The possibility of a nuclear flashpoint between India and Pakistan appears in virtually every discussion on international relations in the Indian subcontinent. In recent times, the thunder has been stolen by Pakistan’s claim that it has developed tactical nukes to counter India’s conventional force advantage. This has in turn triggered discussions on whether the current Indian nuclear doctrine is credible enough to deter Pakistan.
While we try to figure out responses to the nuclear challenge, it would make sense to look at the current levels of India and Pakistan’s nuclear capabilities. The compilation by Hans Kristensen and Robert Norris of the Bulletin of the Atomic Scientists is of great help in this regard. This article visualises and explains the data presented in their articles Pakistani nuclear forces, 2015 and Indian nuclear forces, 2015.
The first data point is the amount of fissionable material available with both countries.
Figure 1: Stockpile of fissionable materials with India and Pakistan
While Pakistan’s nuclear weapons programme relies largely on highly enriched uranium, India’s nuclear arsenal depends on weapons grade plutonium. This difference in approach is because India opted for a three-stage nuclear fuel cycle, which produces plutonium-239, otherwise naturally absent, as one of the outputs.

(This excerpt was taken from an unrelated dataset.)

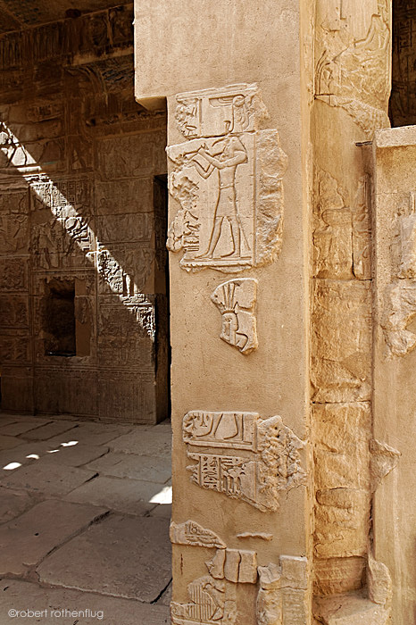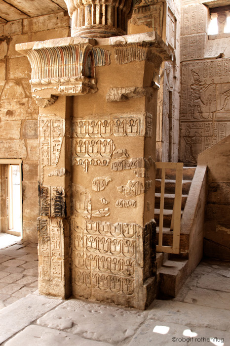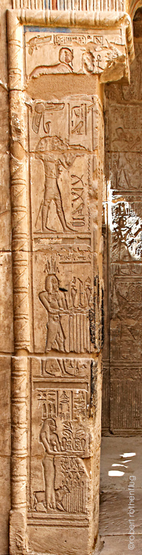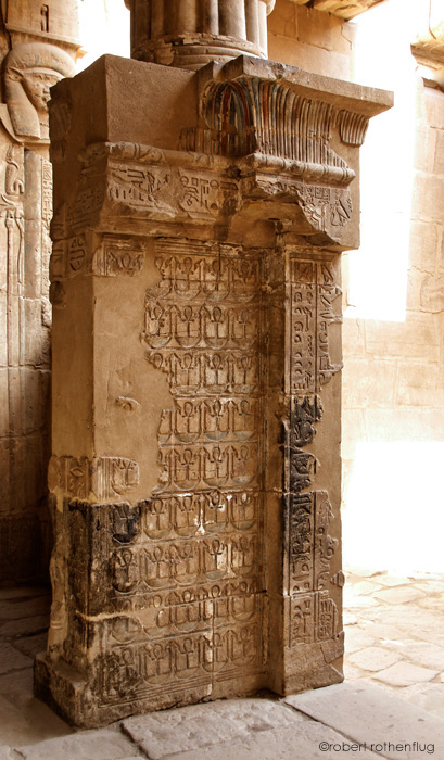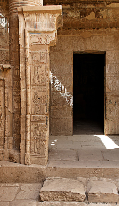 [Les piliers hathoriques][L'entrecolonnement sud][L'entrecolonnement nord][Les scènes des colonnes][Les jambages]

Though the aggregate fissionable material available with Pakistan looks much larger than that of India, the difference in the number of nuclear weapons is not necessarily proportional, as Figure 2 shows.

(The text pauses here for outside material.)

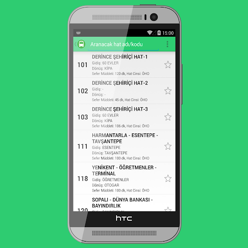 ✓ Dileğiniz hattı, liste üzerindeki yıldıza tıklayarak favorilerinize ekleyebilirsiniz
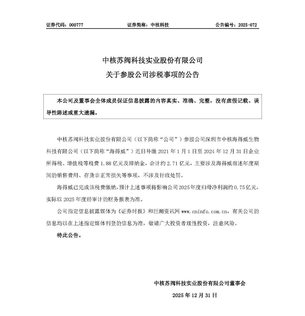 中核科技公告,中核蘇閥科技實業(yè)股份有限公司參股公司深圳市中核海得威生物科技有限公司近日補(bǔ)繳2021年1月1日至 2024 年12 月31 日企業(yè)所得稅、增值稅等稅費(fèi)1.88億元及滯納金,合計約2.71億元,主要涉及海得威前述年度期間的銷售費(fèi)用、存貨非正常損失等事項,不涉及行政處罰。

Figure 2: Number of nuclear weapons with India and Pakistan
The current nuclear weapon stockpiles closely match each other. This is because considerably less plutonium in comparison to uranium, is required to make a simple fission weapon.
Moreover, as Kristensen and Norris remind us, “how much plutonium or uranium is needed for a nuclear warhead depends on many variables, but three are particularly important: warhead design, desired yield, and the technical capabilities of the scientists and engineers.”
Compare these numbers with the number of nuclear weapons that US and Russia have — 7100 and 7700 respectively. This comparison immediately clarifies why the word Mutually Assured Destruction (MAD) does not apply to the India—Pakistan conflict. Rather, the deterrence relationship is better explained by the metaphor Mutually Unacceptable Damage (MUD).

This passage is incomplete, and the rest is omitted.